Als Jihan Saleh vor zwei Jahren zur Wahl ging, wollte sie den Wandel. Ihr Hoffnungsträger hieß damals Mohammed Mursi, der Kandidat der Muslimbruderschaft. "Ich dachte, die Muslimbrüder sind fromm und wollen das Beste für das Volk, aber ich habe mich getäuscht", sagt die Hausfrau, die sich in der Früh in die Warteschlange der Wähler vor einem Schulgebäude im Kairoer Stadtteil Munira eingereiht hat.

Diesmal will Saleh ihre Stimme dem früheren Militärchef Abdel Fattah al-Sisi geben, so wie viele der Wählerinnen, die zusammen mit ihr unter einem Baum stehen und Schutz vor der Sonne suchen. Die meisten von ihnen sind Hausfrauen. Fast alle tragen Kopftuch. Das Wort "Wandel" kommt ihnen heute nicht über die Lippen. Sie wünschen sich nach drei Jahren Demos, Gewalt und Wirtschaftskrise nur noch "Stabilität", und zwar um jeden Preis. Menschenrechte, Meinungsfreiheit, das sind keine Themen, die bei dieser Wahl im Vordergrund stehen.

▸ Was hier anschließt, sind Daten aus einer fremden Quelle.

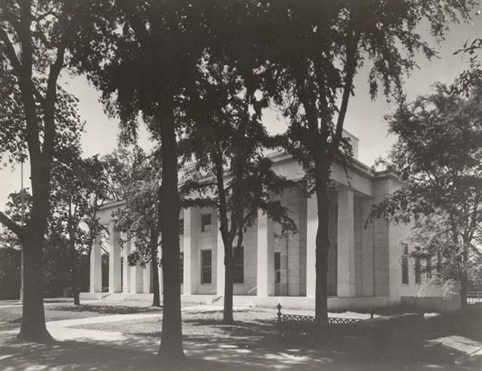 U.S. Post Office and Court House (1942) Athens (Clarke County, Georgia) cropped This work is in the public domain in the United States because it is a work prepared by an officer or employee of the United States Government as part of that person’s official duties under the terms of Title 17, Chapter 1, Section 105 of the US Code. Note: This only applies to original works of the Federal Government and not to the work of any individual U.S. state, territory, commonwealth, county, municipality, or any other subdivision. This template also does not apply to postage stamp designs published by the United States Postal Service since 1978. (See § 313.6(C)(1) of Compendium of U.S. Copyright Office Practices). It also does not apply to certain US coins; see The US Mint Terms of Use. This file has been identified as being free of known restrictions under copyright law, including all related and neighboring rights.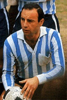 Humberto Maschio when returned to play at Racing Club.

"Brauchen einen starken Mann"

"Wir brauchen in dieser schwierigen Zeit einen starken Mann, und das ist Abdel Fattah Al-Sisi", erklärt Tahani al-Alsayyid (48). Die Hausfrau findet sogar ein paar milde Worte für Ex-Präsident Hosni Mubarak, der nach den Massenprotesten Anfang 2011 von der Armeeführung zum Rücktritt gezwungen worden war. "Die ersten zehn Jahre hat er gut regiert, erst als seine Familie begonnen hat, seinen Sohn Gamal für die Nachfolge vorzubereiten, lief alles aus dem Ruder", sagt sie. Die Mutter, deren Augen hinter der randlosen Brille Güte und Ehrlichkeit ausstrahlen, hatte bei der Präsidentschaftswahl vor zwei Jahren Hamdien Sabahi gewählt, der 2012 den dritten Platz belegt hatte und diesmal als einziger Kandidat neben Al-Sisi antritt.

"Wir Ägypter sind halt schnell zu begeistern, heute jubeln wir einem Führer zu, und morgen klatschen wir schon wieder für einen anderen, wir sind ein Volk, das mit dem Schlagstock regiert werden muss, leider, sonst bricht Chaos aus", sagt Mohammed Al-Sayyid. Der junge Chauffeur aus Kairo ist noch unentschlossen. "Entweder gehe ich gar nicht zur Wahl oder ich wähle Sabahi", sagt er. Um Missverständnissen vorzubeugen, schiebt er schnell hinterher: "Ich bin übrigens kein Anhänger der Muslimbruderschaft, nicht dass hier ein falscher Eindruck entsteht."

Drakonische Strafen gegen Muslimbrüder

Seine Sorge ist berechtigt. Denn die Sicherheitskräfte haben in den vergangenen zehn Monaten Tausende Mitglieder und Sympathisanten der Islamisten-Bewegung festgenommen. Gegen einige von ihnen wurden bereits drakonische Strafen verhängt.

Vor der Schule in Munira stehen die Frauen links vom Eingang an, die Männer rechts. Managertypen in Designerjeans warten neben Arbeitern und kleinen Beamten, die verschlissene Polyester-Hemden tragen. Einige von ihnen haben schlechte Zähne und tragen Schlappen an den Füßen, die auch schon bessere Tage gesehen haben. Eine Gruppe von Wählern jubelt laut, als ein adrett gekleideter Teenager vorbeikommt, der Al-Sisi-Poster verteilt. Die Sabahi-Wähler schweigen. Kurz darauf huscht ein ausgemergelter Mann im grauen Fellachen-Gewand durch die Gasse, die wegen möglicher Anschläge für den Verkehr gesperrt ist. Wie ein Gespenst tanzt er, dreht sich um seine eigene Achse, wirbelt den Staub der Straße auf und schwenkt eine ägyptische Fahne. Mit krächzender Stimme schreit er: "Es lebe Ägypten".